Extended Data Fig. 9: Disorder and charge analyses of proteins created by frameshifts in candidate proteins.

(a, c) Disorder analysis of HMGB1, HMGB3, FOXC1, FOXF1, MYOD1, RAX, RUNX1, CALR, FOXL2, PHOX2B, SOX2 and SQSTM1 wild type and frameshift mutant sequences using the PONDR algorithm. The PONDR scores for the wild type sequences are plotted with grey dashed line, the PONDR scores for the mutant sequences are plotted in red. The positions of the DNA binding domains (DBD) are highlighted with black bars and frameshift position is highlighted with red arrow. (b, d) Charge plots of wild type and mutant sequences. Note the increased positive charge in C-terminus of frameshift variants. Isoelectric points (pI) for the protein sequence following the frameshift position in wild type and mutant sequences are shown beside the charge plots. (e) Quantification of nucleolar enrichment of the indicated proteins in the FIB1-RFP co-expression experiments. Median is shown as a line within the boxplot, which spans from 25^th to 75^th percentiles. Whiskers depict a 1.5x interquartile range. *** P <10⁻³, **** P < 10⁻⁴ from two-tailed Welch’s t-test, n = number of nuclei examined per condition. (f) Representative images of U2OS cells co-expressing RFP-Fibrillarin and EGFP-tagged DVL1 proteins.
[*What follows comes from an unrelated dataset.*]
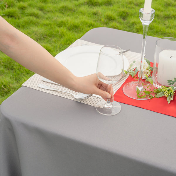 Our Table Tek Rectangle Gray Polyester Cloth Tables Covers elevate the look of your dining tables. Crafted from durable polyester, these table covers are stain-resistant so you can easily wipe away any smudges or spots. With hemmed edges, these gray tablecloths won't unravel to maintain their high-quality appearance. This hemmed table cover is wrinkle-free to avoid spending time ironing and more time setting up tables. Designed with a gray finish, these dining room tablecloths make the bright colors of your tableware or meals stand out. To easily clean after use, these hemmed table covers are machine-washable in the gentle cycle with cold water and should be hung to dry. It is advised not to use bleach when washing these tablecloths. Measuring 90 inches long by 132 inches wide, these tablecloths are perfect for rectangular tables. Sold in a 10 count box.
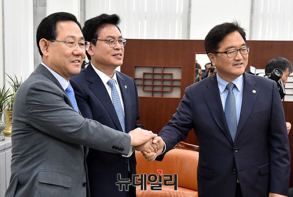 더불어민주당 우원식 원내대표, 바른정당 주호영 당대표 권한대행 겸 원내대표가 12일 오전 국회 자유한국당 정우택 대표권한대행 겸 원내대표를 찾아 국회의장 여야 4당 원내대표 회동에 참석할 것 을 종용한 후 포토타임을 갖고 있다.

Scale bar = 10 µm. (g) Relative fluorescence intensity of bleached EGFP-tagged DVL1 in U2OS cells before and after photobleaching with identical laser settings. Line: mean, lighter shade: ± SD. (h) Representative images of hiPSCs co-expressing RFP-Fibrillarin and EGFP-tagged DVL1 proteins. Note the nucleolar signal in the cells expressing Mutant EGFP-DVL1. Scale bar = 10 µm. (i) Quantification of nucleolar enrichment of DVL1 in the FIB1-RFP co-expression experiments in hiPSCs. Median is shown as a line within the boxplot, which spans from 25^th to 75^th percentiles. Whiskers depict a 1.5x interquartile range, **** P < 10⁻⁴, two-tailed Welch’s t-test, n = number of nuclei examined per condition.